My wifes rig is a 1998 Ford Expedition, it has a 30 gallon tank, she used to like to drive it til it was nearly empty, now even half a tank is over $50.... at least she is close enough to work she can walk when the sun shines or when she dont need to drive to another town in the vicinity...

Most all my rigs have always had double tanks, mostly 2 ->20's but i have always tried to keep at least one tank full depending where work was taking me, sometimes that was not possible to do all week long and still get to the job site and home at a decent hour.... and we must not forget the slip tank or the jerry cans for the sawmill i have...... it is getting to the point of looking into a different occupation again.... and the season is just about to get started for me.
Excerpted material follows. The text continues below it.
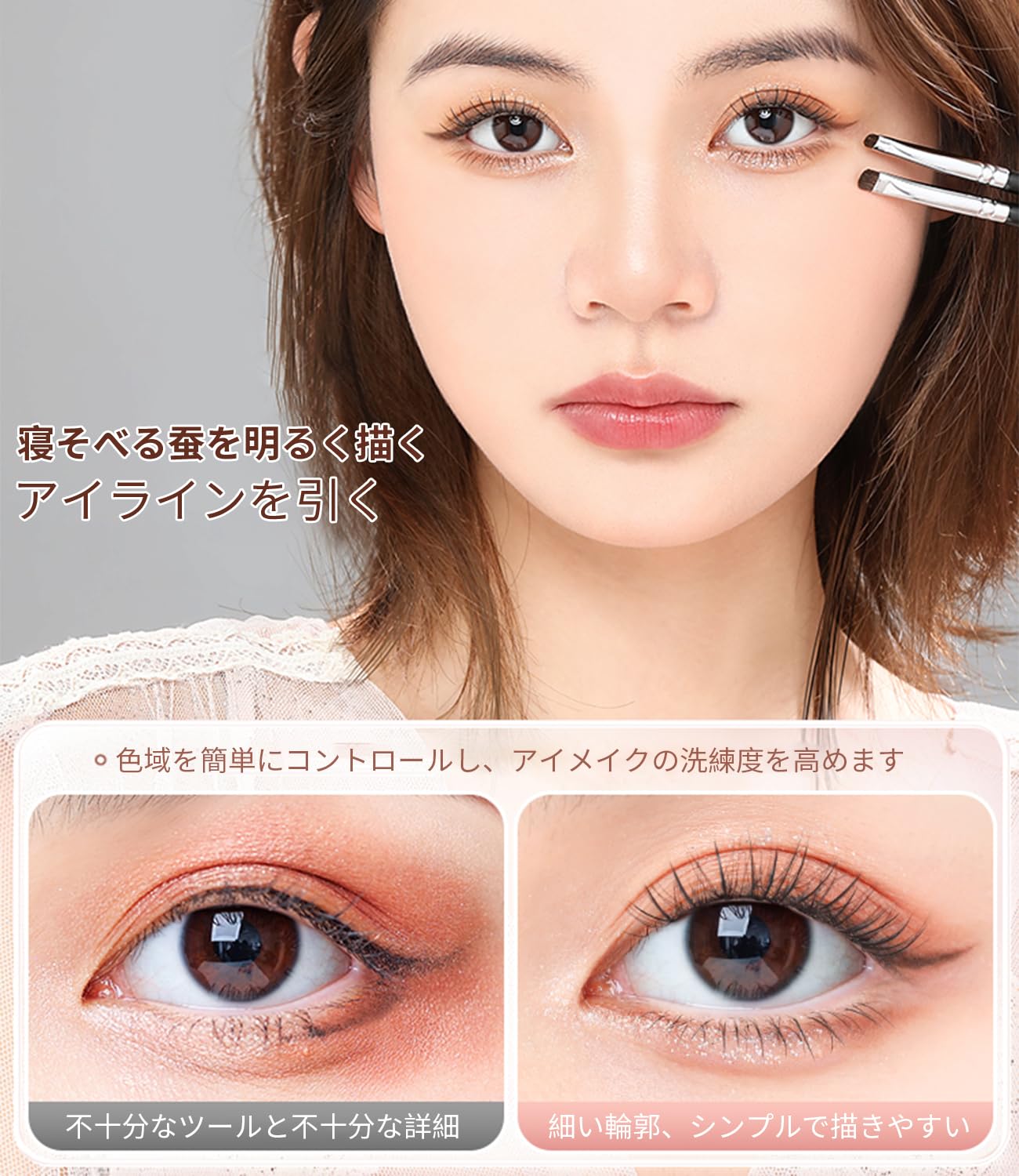 通常のアイシャドウブラシは、アイメイクのディテールを描くには大きすぎるため、このような極細のアイディテールブラシが必要であり、より繊細なアイメイクを描き、細い線の輪郭を描き、自然な表情を表現することができます。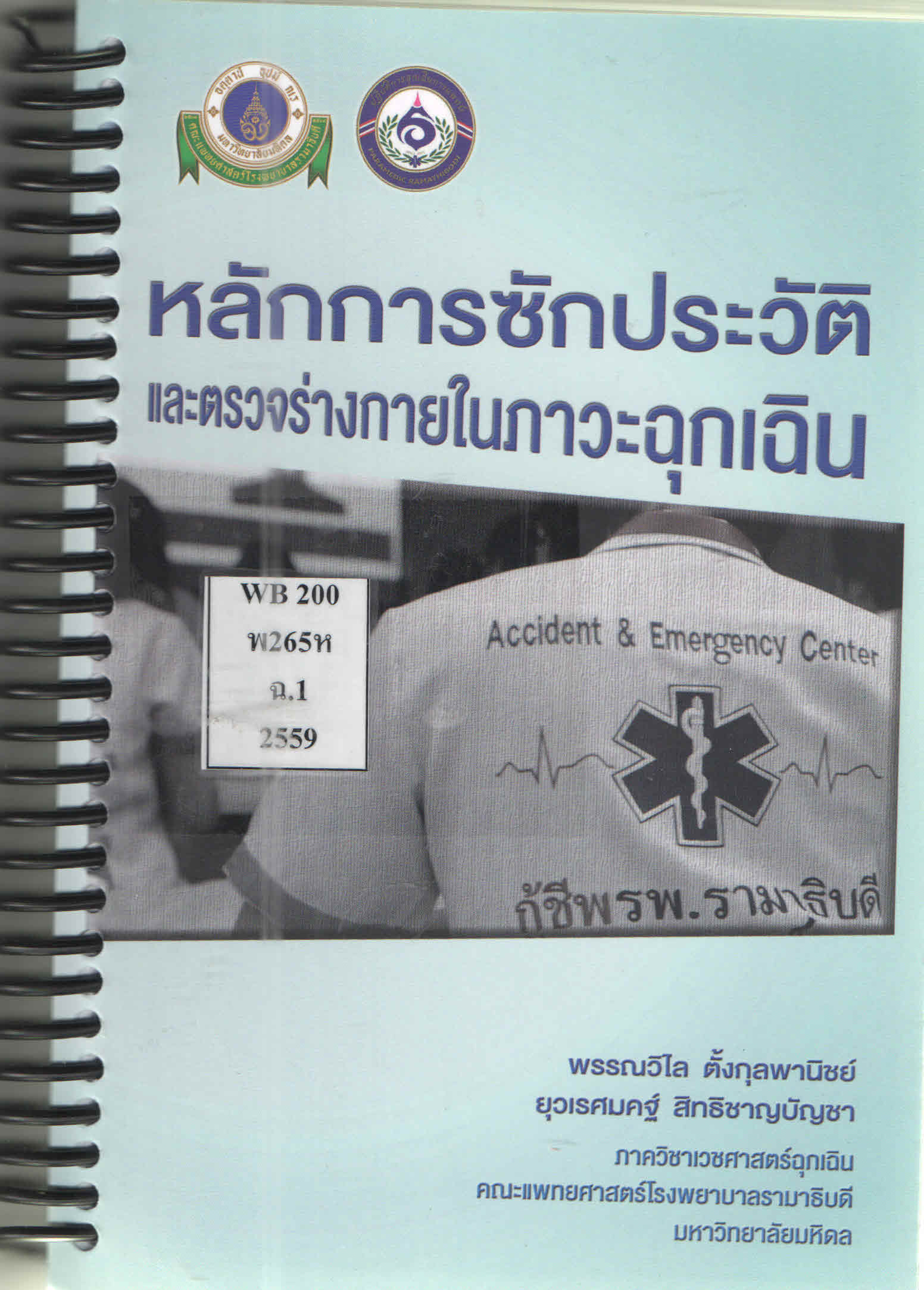 หลักการซักประวัติและตรวจร่างกายในภาวะฉุกเฉิน/ พรรณวิไล ตั้งกุลพานิชย์ และ ยุวเรศมคฐ์ สิทธิชาญบัญชา.

89 oct was $3.65 yesterday, i did not go look today.....

William
Idaho


----------



## mightybooboo (Feb 10, 2004)

Premium 4.26,diesel 4.50/gal.


----------



## billy (Nov 21, 2005)

Maybe Meester Boosh can ask Sodom Arabia for some help.


----------



## Jim-mi (May 15, 2002)

I have said for a long time "When is it gonna be $5"

Perhaps I should change my tune to . . .$10 . .???


----------



## adamtheha (Mar 14, 2007)

Ok, here in Canada, we pay a lot more for gas because of extra taxes...I pay $140 Cdn to fill my Dodge Ram 2500, and the dollar is at par right now! Get prepared, because the only direction from here is UP!


----------



## no1cowboy (May 2, 2004)

adamtheha said:


> Ok, here in Canada, we pay a lot more for gas because of extra taxes...I pay $140 Cdn to fill my Dodge Ram 2500, and the dollar is at par right now! Get prepared, because the only direction from here is UP!


For those in the US thats $140 a liter wich would be around $5.60 a Gal.


----------



## VarmitSniper (Apr 2, 2008)

no1cowboy said:


> For those in the US thats $140 a liter wich would be around $5.60 a Gal.


:grit:That hurts. Ya know I wonder how much it actually costs the Middle East to produce a barrel of oil, hmm maybe I don't, I don't need another reason to be mad at them.:flame:


----------



## Highground (Jan 22, 2003)

Just so you stay real mad.....................
some of those wells produce a barrel of crude for less than $2.00 :grump:


----------



## michiganfarmer (Oct 15, 2005)

mnn2501 said:


> I just hit a new record for filling my F150 -- $70.00 and thats at $3.31 a gal - they're saying $4.00 by summer. Luckliy I live very close to work and only fill up about every 3 weeks. Prior to us moving 2 years ago to be nearer both my wife's and my job I was filling up twice a week - Thank God I'm not doing that anymore!


How close to work? Can you ride a bike?

I live 20 miles from work. 20 very hilly miles. I cant handle 20 hilly miles twice a day.


----------



## wilded (May 10, 2002)

$82.00 F150 4x4 today


----------



## Windy in Kansas (Jun 16, 2002)

My son-in-law can no longer fill up his F150. The pump automatically shuts off each time at $75. Expect the station will eventually have to raise the pump pay limit to $100.

I still get by for $50 for my Ranger but pay cash so no auto shutoff.


----------



## GREEN_ALIEN (Oct 17, 2004)

39 gals at 4.49 today. That uuuh 175.11

Love my F350, hate when the fuel bill shows up.


----------



## Zelix (May 6, 2008)

Its almost more cost effective to just stay home then going to work these days. It's ridiculous.


----------



## mdharris68 (Sep 28, 2006)

I have two vehicles with 40 gallon tanks, and honestly cant tell you what it costs to fill them. I only buy about 8 gallons at a time. 8 gallons gets you a free 20 oz soda at our local station. 3.69 here for reg unlead last night. Curious to see what it will be today. I drive a company vehicle back & forth to work, so my main reason for driving our cars is shopping,fshing, hunting, and such. Time to get out my mountain bike and buy one of those pull cart for the back.


----------